Well if HP tech says it has to do with the battery this could mean the battery is going bad, I would take the battery out and make sure all the pins look good. Then try powering it on with just the power cable plugged in and no battery..

Also for Laptops if you are going to leave it plugged into the wall for very long periods of time like 2+ days its a good idea to have the battery out and just have the power plugged in(unless they have fixed this sense I last owned a laptop in early 2000's)


----------



## freebird_9924 (Aug 4, 2012)

Delta6326 said:


> Well if HP tech says it has to do with the battery this could mean the battery is going bad, I would take the battery out and make sure all the pins look good. Then try powering it on with just the power cable plugged in and no battery..
> 
> Also for Laptops if you are going to leave it plugged into the wall for very long periods of time like 2+ days its a good idea to have the battery out and just have the power plugged in(unless they have fixed this sense I last owned a laptop in early 2000's)



well, u didnt read my thread properly..

i told HP says it has nothing to do with battery/any hardware/sofware..it's normal..

and battery in my laptop is fixed i think so..i cant remove and plug like that..
i have hp envy 17 3090NR 3D.


----------



## Delta6326 (Aug 4, 2012)

freebird_9924 said:


> well, u didnt read my thread properly..
> 
> i told HP says it has nothing to do with battery/any hardware/sofware..it's normal..
> 
> ...



There is nothing normal about this problem no customer should have to do that just to get their laptop to work, HP is just trying to cover up a problem.


----------



## chr0nos (Aug 4, 2012)

And thats why i don't buy HP anymore.

Chances are the Motherboard is about to die soon, get it replaced or return it (if possible) for another brand.


----------



## darkreize (Aug 12, 2012)

Have it replaced. Holding down the power and beats button is how HP does a hard reset since the battery is screwed in place.

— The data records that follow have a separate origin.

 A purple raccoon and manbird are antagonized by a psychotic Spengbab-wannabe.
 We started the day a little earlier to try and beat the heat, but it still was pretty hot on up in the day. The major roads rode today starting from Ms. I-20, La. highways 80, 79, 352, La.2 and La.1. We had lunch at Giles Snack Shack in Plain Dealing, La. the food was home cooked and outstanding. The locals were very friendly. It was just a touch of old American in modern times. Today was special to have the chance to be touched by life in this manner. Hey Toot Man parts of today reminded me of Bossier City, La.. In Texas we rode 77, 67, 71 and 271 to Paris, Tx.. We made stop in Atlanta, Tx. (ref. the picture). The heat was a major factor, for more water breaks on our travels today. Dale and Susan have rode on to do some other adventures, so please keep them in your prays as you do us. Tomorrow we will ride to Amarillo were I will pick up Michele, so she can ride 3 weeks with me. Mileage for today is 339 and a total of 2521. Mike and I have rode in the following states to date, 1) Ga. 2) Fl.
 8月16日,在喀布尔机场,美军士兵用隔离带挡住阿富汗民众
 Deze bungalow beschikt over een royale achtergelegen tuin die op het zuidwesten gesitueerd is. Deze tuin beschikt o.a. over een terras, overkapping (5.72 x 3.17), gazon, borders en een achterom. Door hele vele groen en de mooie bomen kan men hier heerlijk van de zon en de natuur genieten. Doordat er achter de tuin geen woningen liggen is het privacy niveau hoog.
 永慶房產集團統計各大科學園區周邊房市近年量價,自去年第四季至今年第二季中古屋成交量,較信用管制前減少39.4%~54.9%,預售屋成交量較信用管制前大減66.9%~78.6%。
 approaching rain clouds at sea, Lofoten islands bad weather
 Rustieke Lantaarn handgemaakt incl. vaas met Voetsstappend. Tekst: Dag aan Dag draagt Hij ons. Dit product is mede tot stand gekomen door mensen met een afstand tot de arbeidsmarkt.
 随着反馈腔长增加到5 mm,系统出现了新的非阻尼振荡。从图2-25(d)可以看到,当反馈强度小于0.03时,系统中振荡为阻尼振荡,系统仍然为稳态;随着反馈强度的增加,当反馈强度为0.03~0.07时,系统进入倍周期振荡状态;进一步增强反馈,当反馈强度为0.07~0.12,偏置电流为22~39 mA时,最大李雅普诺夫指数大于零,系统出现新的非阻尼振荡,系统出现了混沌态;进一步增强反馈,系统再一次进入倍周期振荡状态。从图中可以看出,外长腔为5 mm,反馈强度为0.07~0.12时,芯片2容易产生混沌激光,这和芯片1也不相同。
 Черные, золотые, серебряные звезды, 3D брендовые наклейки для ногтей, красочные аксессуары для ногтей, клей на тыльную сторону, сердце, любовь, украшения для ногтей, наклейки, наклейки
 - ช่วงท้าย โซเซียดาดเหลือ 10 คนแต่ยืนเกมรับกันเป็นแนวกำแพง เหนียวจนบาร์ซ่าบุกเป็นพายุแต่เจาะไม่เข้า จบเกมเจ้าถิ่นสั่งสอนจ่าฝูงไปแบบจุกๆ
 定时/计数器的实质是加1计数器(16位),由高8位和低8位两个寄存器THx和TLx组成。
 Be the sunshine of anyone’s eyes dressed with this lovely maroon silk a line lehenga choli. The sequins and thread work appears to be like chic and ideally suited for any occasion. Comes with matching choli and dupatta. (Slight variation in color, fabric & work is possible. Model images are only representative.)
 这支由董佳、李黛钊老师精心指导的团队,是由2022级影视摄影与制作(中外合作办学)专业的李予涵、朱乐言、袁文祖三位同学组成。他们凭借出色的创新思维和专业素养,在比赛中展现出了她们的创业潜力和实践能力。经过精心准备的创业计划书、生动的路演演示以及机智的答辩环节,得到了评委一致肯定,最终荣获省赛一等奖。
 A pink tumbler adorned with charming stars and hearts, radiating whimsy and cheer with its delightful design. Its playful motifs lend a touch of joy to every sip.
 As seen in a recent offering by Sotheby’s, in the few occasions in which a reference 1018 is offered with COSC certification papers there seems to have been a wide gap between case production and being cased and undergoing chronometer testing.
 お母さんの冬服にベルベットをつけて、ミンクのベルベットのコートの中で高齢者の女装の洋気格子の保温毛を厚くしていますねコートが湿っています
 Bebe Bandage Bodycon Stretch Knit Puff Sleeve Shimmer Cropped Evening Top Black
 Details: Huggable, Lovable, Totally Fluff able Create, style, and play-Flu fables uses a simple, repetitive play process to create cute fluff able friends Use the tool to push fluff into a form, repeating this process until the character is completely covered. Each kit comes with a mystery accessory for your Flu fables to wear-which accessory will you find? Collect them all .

Call HP and ask for an escalation, the Envy line is not a cheap product so raise hell if they won't fix it.


----------



## freebird_9924 (Oct 4, 2012)

similar problem started since today again AND NOW EVEN PRESSING BEATS AUDIO AND POWER BUTTON TOGETHER ISNT SOLVING PROBLEM.


----------



## eXuss (Nov 4, 2012)

*damn HP*

Got the same problem, the laptop won't even turn on. It was new, and laptop worked for about two hours only (I'm shocked!). The charge is dead so I've got the working one. The picture is the white light at the ac power indicator blinking for three times, but there is no blinking without battery at all. Tried removing memory modules, battery, hard reset and so on and ao on... Model is Envy 17-t 3200 (3D edition).


----------



## freebird_9924 (Nov 4, 2012)

eXuss said:


> Got the same problem, the laptop won't even turn on. It was new, and laptop worked for about two hours only (I'm shocked!). The charge is dead so I've got the working one. The picture is the white light at the ac power indicator blinking for three times, but there is no blinking without battery at all. Tried removing memory modules, battery, hard reset and so on and ao on... Model is Envy 17-t 3200 (3D edition).



Well, right now it's working fine & no power on problem after that day again.
I hope it won't recurr in future too.

Btw, what was exactly problem? I didn't understand. How did u remove battery? It is fixed with screws do removing would violate warranty, isn't it??


----------



## eXuss (Nov 4, 2012)

The problem is when I was watching Prometheus 3d this piece suddenly shut down. I assume that happened because of died charger and therefore empty battery. Right now I'm charging the battery with third side device of my own, cause it is empty. I'm willing to disassemble the device totally if it needs to be done; don't care for warranty actually, but yes , screws have two black seals which aren't problem to remove. Glad for you, hope it won't happen again...


----------



## freebird_9924 (Nov 4, 2012)

eXuss said:


> The problem is when I was watching Prometheus 3d this piece suddenly shut down. I assume that happened because of died charger and therefore empty battery. Right now I'm charging the battery with third side device of my own, cause it is empty. I'm willing to disassemble the device totally if it needs to be done; don't care for warranty actually, but yes , screws have two black seals which aren't problem to remove. Glad for you, hope it won't happen again...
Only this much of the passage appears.